Creators, the company said, will benefit from their product-tagged content being shared to the Partnership Ads Hub in Ads Manager, making those creators more visible to potential brand partners. (Creators will be able to tag a maximum of 30 items per Reel.) Meta plans to test affiliate experiences with Amazon and e-commerce platform Shopee on Instagram in the spring. Facebook affiliate test partners include Amazon, eBay, and Temu in the US, Shopee in Asia, and Mercado Libre in Latin America.

The company is taking a slightly different approach to affiliate partnerships for Facebook. Creators can tag products in Facebook photo posts and Reels, which will display an affiliate banner. Users can click on that content to be directed to the product on the brand’s app or site, potentially earning the creator a commission. Amazon and Shopee are serving as launch partners for Facebook, with Temu, eBay, and Mercado Libre set to join in the near future.

Cha-ching: Meta is introducing a new checkout offering in its Business AI sales agent, which Meta first announced that it was integrating into ads at Shoptalk last year. PayPal and Stripe have signed on as launch partners, with Shopify and fintech platform Adyen to come. It’s likely an effort to simplify checkout and reduce friction to more efficiently drive consumers to increase conversion rates, Simonson said. The company is also testing an AI offering that will surface information relevant to a potential purchase, like discounts and product recommendations.
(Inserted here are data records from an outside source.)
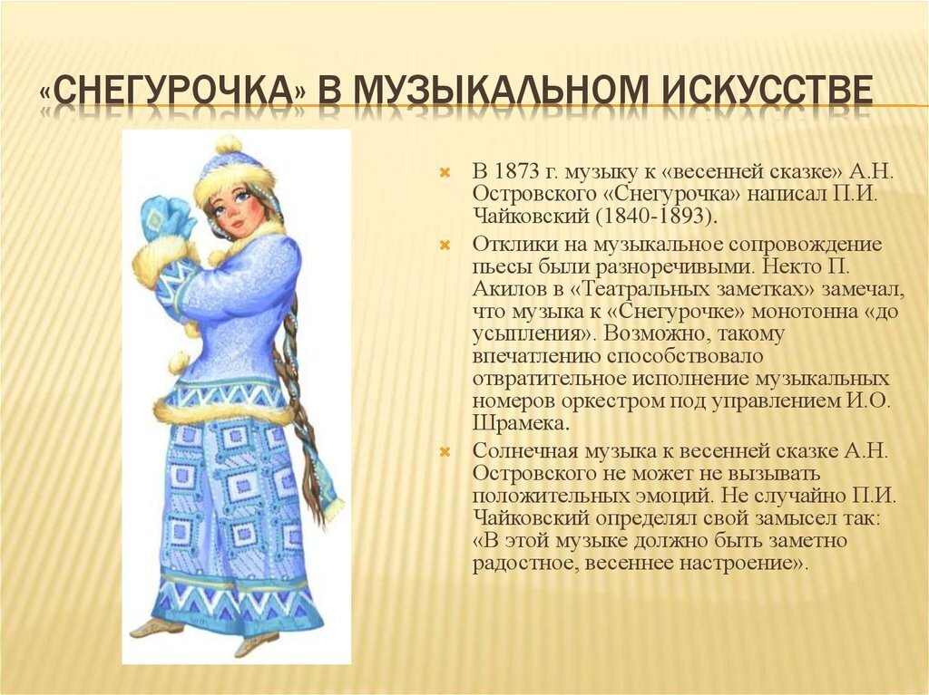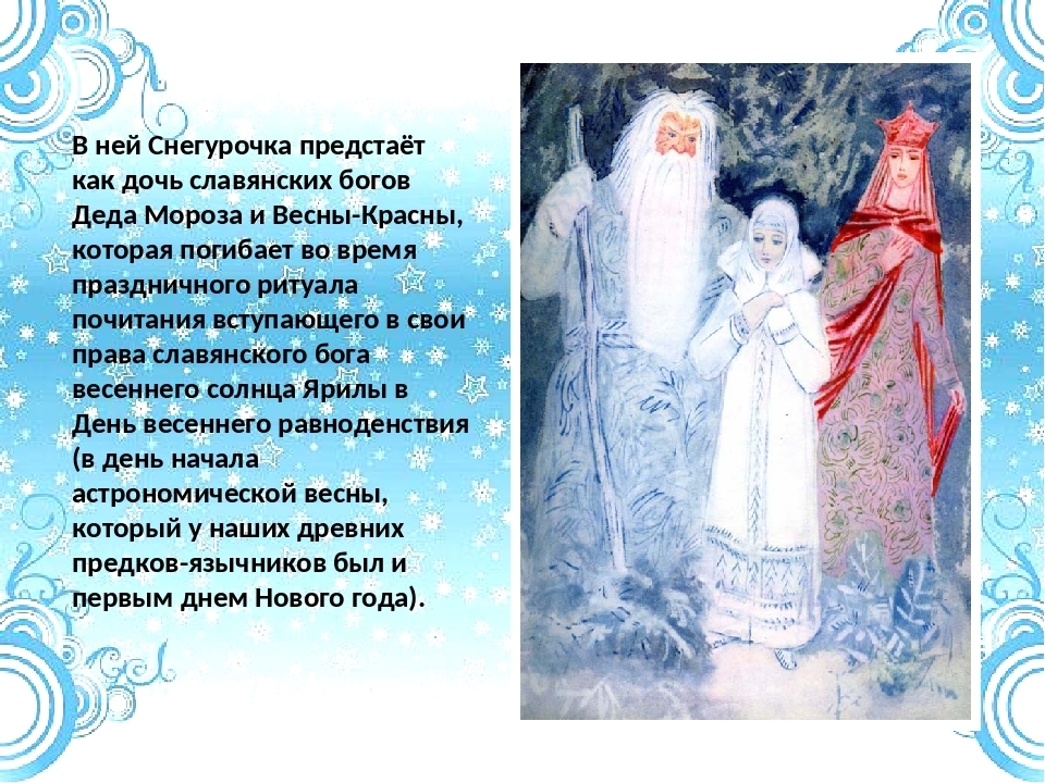 Социальный психолог Людмила Андреевна Сызранова: "А на Ваш взгляд, какими словами тогда назвать, например, авторов шедевров русской классики?". Как успешное коммерческое воплощение в литературном и музыкальном произведениях мифологического народного образа в виде пойкилотермной девицы, уже утвердившегося в печатном слове стараниями М.Максимовича. Но замечу, наша дискуссия началась после Вашего "Образ внучки Деда Мороза придумали Лев Кассиль и Сергей Михалков", однако Вы пытаетесь этот странный тезис перевести, на мой взгляд неудачно, в обсуждение художественных достоинств произведений А.Островского и П.Чайковского. P.S. Несомненно, А.Островский выдающийся драматург, но с пресловутой "Снегурочкой" у него получился явный "прокол". Начнём с завязки: "Холодом встречает Весну страна берендеев, а все из-за заигрываний Весны с Морозом, старым дедом, признается сама Весна. Родилась у них дочка — Снегурочка" (текст не мой, а литературоведа Е.П.Сударевой). Бог с ней, Весной лёгкого поведения и её "папиком" Морозом, но дальше текст "весенней сказки" превращается в мешанину событий со всеми этими Мизгирями, Лелями, Бермятами, Мурашами, Бобылями и прочими Берендеями на полтора часа чтения. Может быть поэтому в списке рекомендованной школьникам литературы числится не "Снегурочка", но "Всадник без головы" М.Рида? P.P.S. Только для ценителей волшебных сказок - С Рождеством Иисуса Иосифовича Плотникова!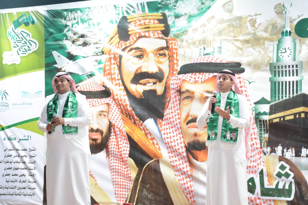 وبين قائد المدرسة الأستاذ حافظ جعفري أن إحتفالهم بهذه المناسبة هو ترسيخاً للدين والولاء للمليك والانتماء للوطن وتنمية للقيم الوطنية والنهضة الحضارية الشاملة التي تشهدها بلادنا أدام الله عزها وأمنها وأمانها إنطلاقاً من رؤية المملكة ٢٠٣٠ المتضمنة تنمية القيم الإيجابية لدى طلاب المدرسة والمشاركة المجتمعية لكافة الأطياف.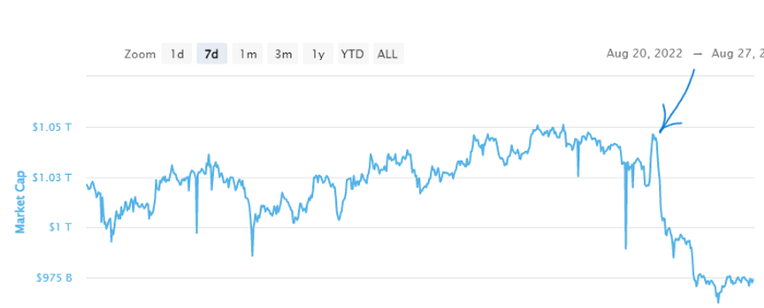 ในช่วงเวลานี้ มูลค่าตลาดรวมของ crypto ทั้งหมดลดลงจาก 1.029 ล้านล้านเป็น 936.87 พันล้านดอลลาร์ ณ จุดหนึ่งในชั่วข้ามคืน คิดเป็นการลดลง 8.95% ตาม CoinMarketCap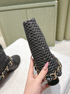 CC 25 Short Boot Black Denim Fabric Calfskin 515267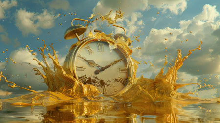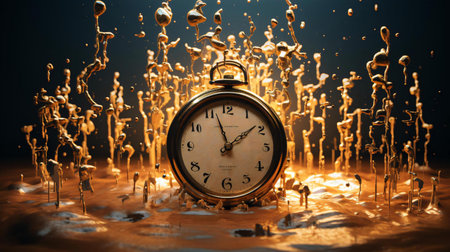 Surreal illustration of a melting golden and mercury clock, fluid and distorted, depicting the illusion of time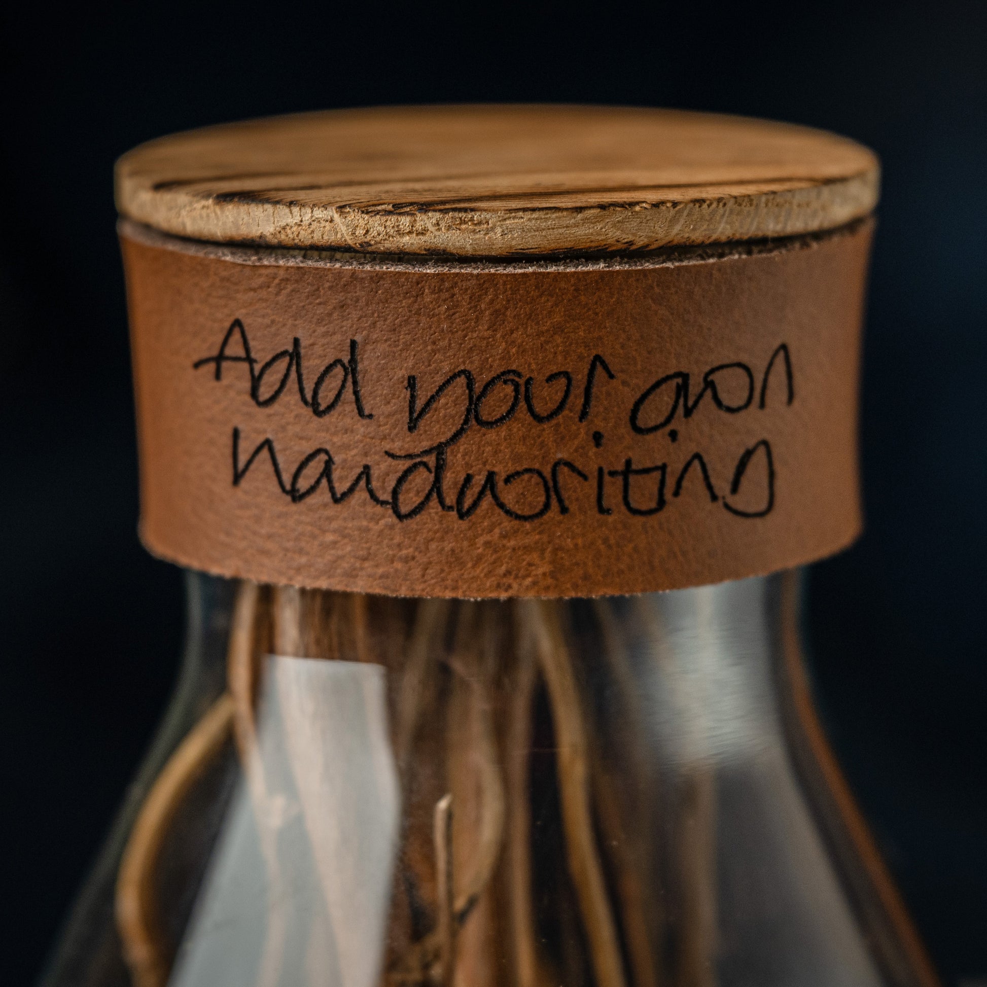 Preserved Rose in Deep Red, Glass Vessel, Natural Materials, Cognac Brown Personalised Leather, Sentiment Gift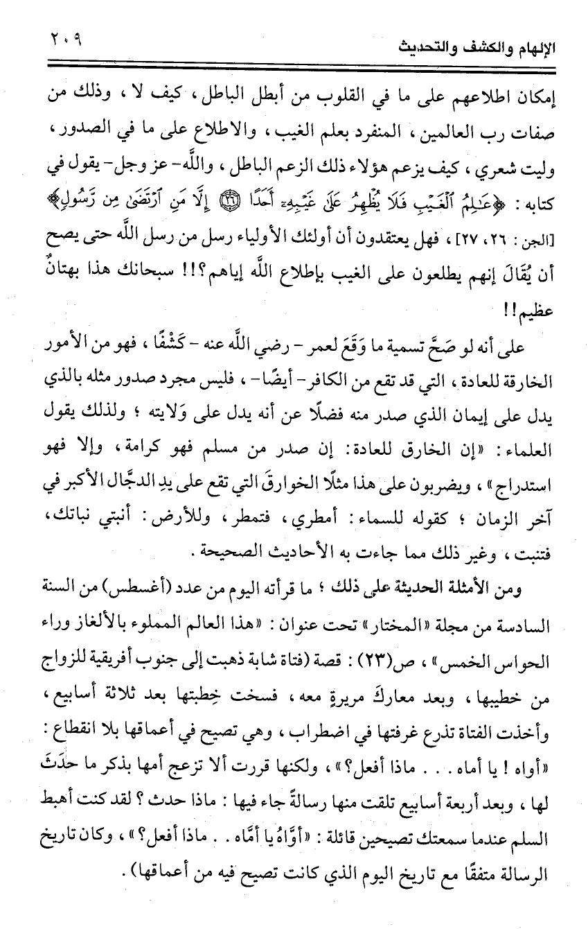 إمكان اطلاعهم على ما في القلوب من أبطل الباطل، كيف لا، وذلك من صفات رب العالمين، المنفرد بعلم الغيب، والاطلاع على ما في الصدور، وليت شعري، كيف يزعم هؤلاء ذلك الزعم الباطل، واللَّه -عز وجل- يقول في كتابه: {عَالِمُ الْغَيْبِ فَلَا يُظْهِرُ عَلَى غَيْبِهِ أَحَدًا (26) إِلَّا مَنِ ارْتَضَى مِنْ رَسُولٍ} [الجن: 26، 27]، فهل يعتقدون أن أولئك الأولياء رسل من رسل اللَّه حتى يصح أن يُقَالَ إنهم يطلعون على الغيب بإطلاع الله إياهم؟!! سبحانك هذا بهتانٌ عظيم!!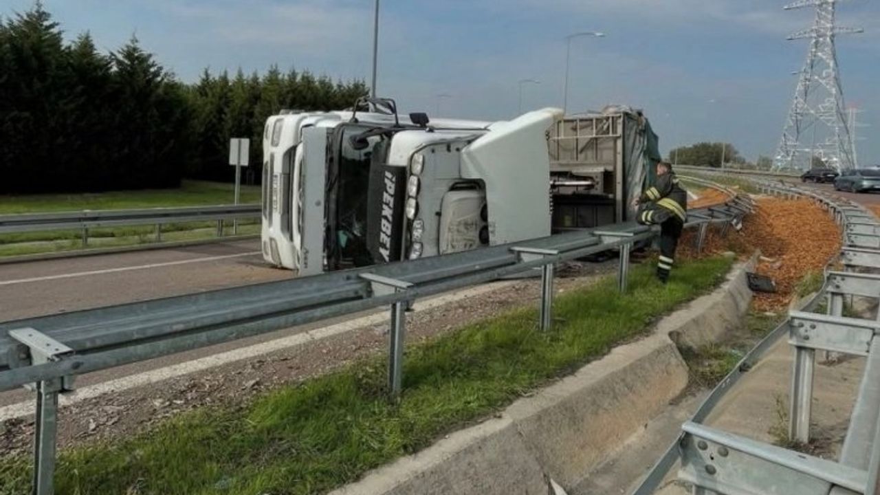 Alınan bilgilere göre İstanbul'dan Bursa yönüne gitmekte olan mısır silaji yüklü tır, yağış nedeniyle kayganlaşan yolda sürücünün direksiyon hakimiyetini kaybetmesi ile kontrolden çıkarak devrildi.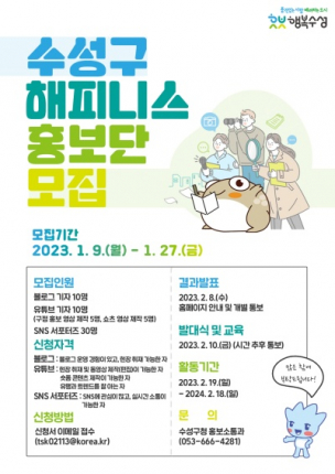 대구 수성구(구청장 김대권)는 구정에 대한 시민 공감 확대를 위해 9일부터 27일까지 ‘2023년 해피니스 홍보단’을 모집한다.
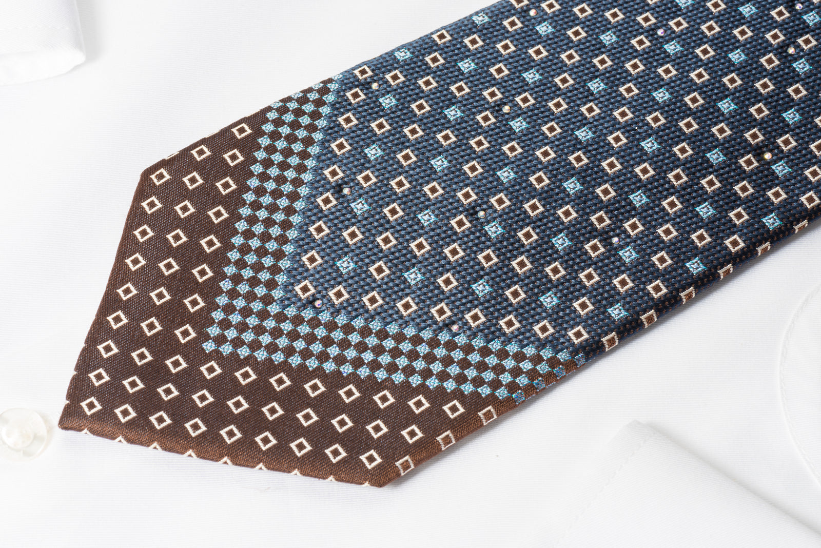 Material - SilkDesign - GeometricColor - Blue, Brown, WhiteLength - Classic (57 in.-60 in.)(145 cm-153 cm)Width - Special Features - Blue Sparkles, White Rhinestones

That’s not all: Meta is also augmenting product discovery in ads by surfacing additional information in particular for retail media networks. It’s testing product set optimization, which would empower retail media networks to choose which products to promote and would provide them with campaign product-level data. A retail media network could run a campaign for a specific product offered by a beauty brand partner, for example, rather than allocating the brand partner’s budget toward advertising its whole catalog.

It’s also seeking to improve product discovery for brands by bringing its product showcase offering to Reels and Stories. Brands can input their own creative, which Meta AI may use to place catalog products in a carousel if the system deems it could boost performance.

The feature could be valuable for brands using potentially less effective alternatives to optimize catalog ads, Simonson said. “If we’re talking about a crawl-walk-run strategy as it relates to catalog…these new product features are ‘run,’” he said.

But some brands are still in the “crawl” stage in terms of their catalog strategy, he added.